What Contexts Should You Use?

Photo courtesy of © Adobe Stock / praphab144

One of the fundamental concepts in GTD is the context. As David Allen explains in Getting Things Done (2015) (emphasis his):

[The] best way to be reminded of an “as soon as I can” action is by the particular context required for that action—that is, either the tool or the location or the situation needed to complete it.

In other words, contexts are a way of marshaling the many things you need to do so you can focus on the few that you can take action on right now.

What do you need?

Contexts typically represent what you need to accomplish a task.

When will you do it?

There is one other type of context that you should use. Identifying the resources you need is good, but there is a more important question that you need to answer:

When are you going to do it?

In Free to Focus, Michael Hyatt recommends organizing your work by when you’re going to do it. Let’s call this the temporal context where you’ll accomplish a task.

The first temporal context is @today. This is the most important one. It’s the only context you can act on.

Every other context is in the future. Those tasks are coming, but they’re not here yet. When they get close, you can assign them to a particular resource, location, or person; until then, it’s not relevant.

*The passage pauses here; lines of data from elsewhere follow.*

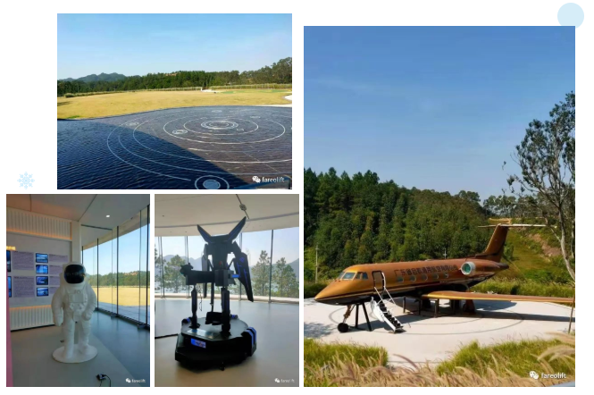 体会过新会的陈皮文化,一行人继续来到了素有大湾区“小云南”之称的广东省航空科普教育基地--泉林黄金小镇,感受时代科技发展的力量。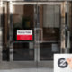 Ce film adhésif pour vitres est rouge vif, noir et blanc. Vous pouvez modifier le texte pour répondre à vos besoins. Vous pouvez vouloir afficher un message personnalisé tel que votre service, le nom de votre entreprise et vos heures d'ouverture. La moitié supérieure est blanche avec une ligne de texte noir en gros caractères. La moitié inférieure est rouge vif avec trois lignes de texte blanc.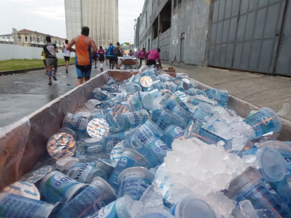zusätzlich eisgekühlte Gatorade in offenen Bechern und auch einmal bei km 33

The next is @tomorrow. It’s both an overflow and a staging area for @today.

Then there’s @thisweek. During your weekly review, determine what you want to get done during the coming week. Put those tasks in @thisweek. @thisweek has its own staging area: @nextweek.

For longer-term planning, you can assign tasks and projects to a particular month, quarter, or even @thisyear or @nextyear. These are holding areas that you can put tasks in until the time approaches. During a future monthly review, you’ll pull those tasks into a shorter-term context.

“Shouldn’t those tasks just go on a Someday/Maybe list?” Not really. A Someday/Maybe list (which you should absolutely keep) is for tasks that you haven’t committed to yet. They’re just ideas. Once you make the commitment to do something, assign it to a temporal context. Commitment precedes action, sometimes by months.

I’ve started using temporal contexts in my planning. I love the concept. It keeps you focused on the important question: when you’re going to complete a task.

Using only contexts for places, things, people, and modes, it’s easy to get overwhelmed. You’ve identified what you need to do and what you need to do it, but part of you feel like you need to do it all at once. David Allen even refers to these as “‘as soon as possible’ tasks”.

Click here for a GTD Context cheat sheet →

You don’t need to use all of these contexts all the time. There’s no one-size-fits-all solution to planning. These are ideas. Suggestions. A starting point.

If you’re not sure where to start, start small. Start with the short-term temporal contexts or a handful of spatial contexts, like @home, @work, and @errands. Once you have enough tasks in a context that you start mentally splitting them up, create a new context.

Most importantly, choose what works for you. Your planning system should support your tasks, not create more tasks for you.